Freezing it, boiling it, greasing it and torching it. . .nothing worked. So, since I’m a recent victim of this economic recession, I completely made do and mended it by shearing my Juicy Couture for Men’s skinny jeans to turn them into walking shorts, which I will totally pair up with a gingham collared shirt with rolled up sleeves, a set of casual loafers and pair of Wayfarers to create a perfect ready for summer look.
2) Being on my 'best' behaviour, I worked it out at Vancouver Fashion Week`s Opening Gala Event hosted at Leone in Downtown Vancouver. I strutted around the lavish boutique with much demure wearing a classic white collared shirt, a grey lapel vest, raw skinnies, brown oxford boots, a plaid bow tie and coiffure slicked-up. As coy as I might act, I was feeding off the attention from the countless photographers snapping pictures of me as I swaggered around.
Being on my terrible liquid diet of just wine that day and just being a plain klutz, I spilt red wine on my white collared button down shirt! Mutha F*&%!@%#^&(&%#!!!! With a maaaajah wardrobe malfunction at such a high end event, I WAS COMPLETELY DOOMED FOR SOCIAL SUICIDE! With just a second to think, I threw on my brown leather jacket, pushed the sleeves up and zipped it half way to expose my bow-tie and conceal the wine stain. I had just gracefully revamped my look of pretty school boy to an edgy chic urbanite and was ready to work the room again.

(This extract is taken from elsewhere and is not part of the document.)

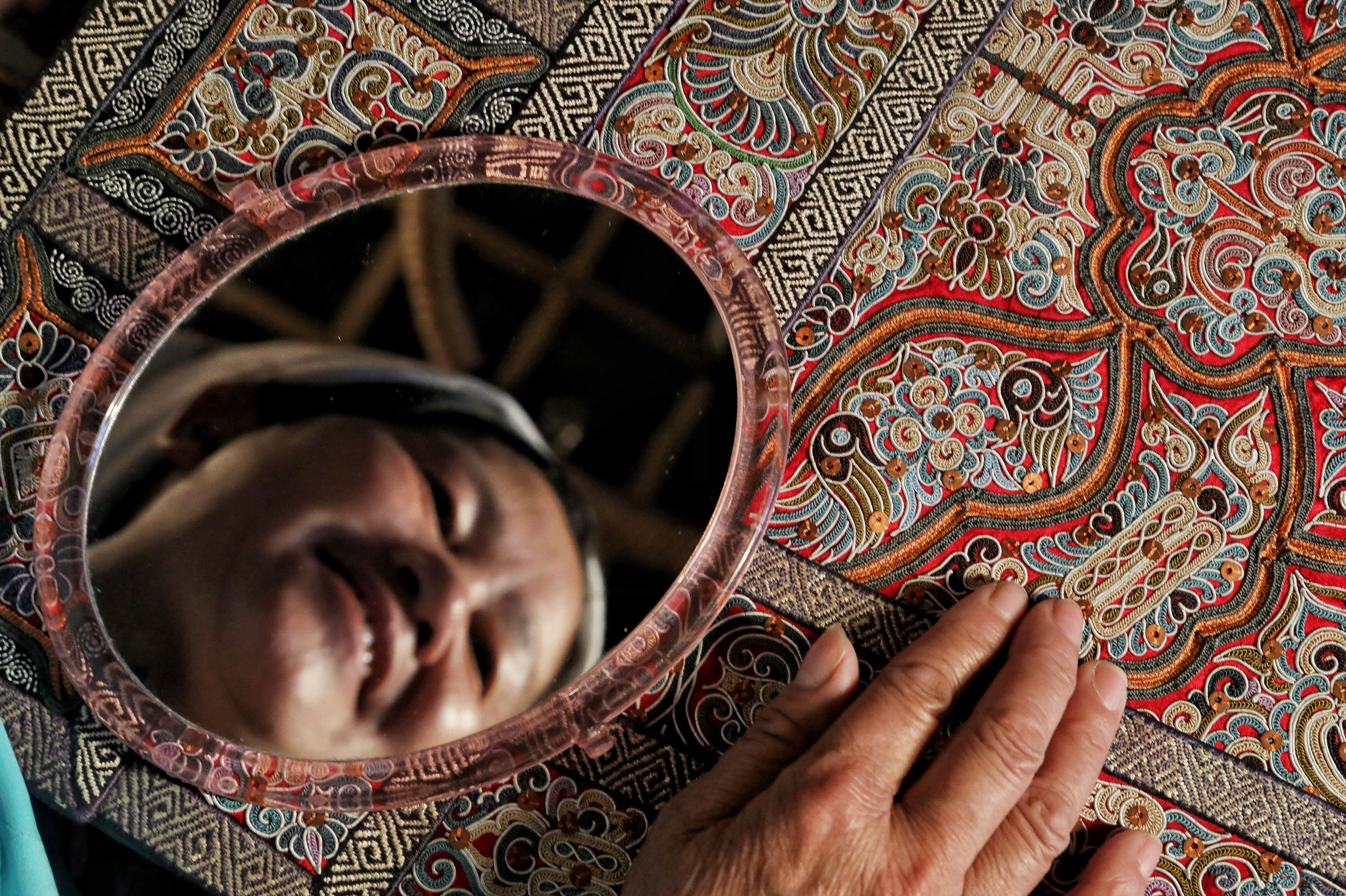 Wei Taohua is pictured in this inverted image while drawing needlework sketches for the traditional horse tail embroidery. (Xinhua/Ou Dongqu)

3) Vancouver Fashion Week fever was in town and I was fortunate enough to receive a lovely invitation from my girl L.J.B. (xoxo) to attend some runway shows during the week. Of course, being the maaaajah Divas we are, we all sat front row, leather boots polished, accessories gleaming and BlackBerrys on hand.
Being on my 'best' behaviour, again, I tried
very R eally AWFULLY EXTREMELY hard to not make any foul comments or sassy remarks as models/garments strutted down the runway in the packed venue. As I sat front row, I also avoided any awkward facial expressions because being caught with a raise brow at a runway show is like hurling a butcher’s knife at a hopeful heart!
With that said, I finally understood why guests sometimes wear big black sunglasses at major designer shows while sitting in front row. Besides from the obvious fact of wearing shades for the basic shield of the bright flashing cameras and to look completely bitchy fierce, people wear them because it’s a PERFECT WAY TO CONCEAL YOUR EMOTIONS towards a repulsing garment that it walking across you! Cross your eyes, roll them, gawk and raise them because no one will ever know what you are thinking!
photo credits: Joyce Lam, Yumi Ang, Martin Krzywinski & Jonathan Evans
Looks like this Starving Stylist is literally going to be starving in order to pay off his piling bills. Sure, the economy is currently going down the shitter, but it never occurred to my materialistic brain that it will eventually come around and bitch slap me across the face, only to leave me jobless and in debt. So, like a hooker with no clients, I am desperately seeking for a job.
As a last resort when I still can’t find a job, don’t be so surprised when you see me taking your orders at McDonalds’ mmmmmmmmmmmkay? “Gurllllll, yo sure yo wanna be supersizen dat meal? Coz’ reallyyyyyy, I dun’t thinkin yo should be doin dat!” or “NO, you kant havin no meal here, so yo betta take dat to go!” or even “Yo ain’t getting no free smile herrre, so yo best not be orderin dat!”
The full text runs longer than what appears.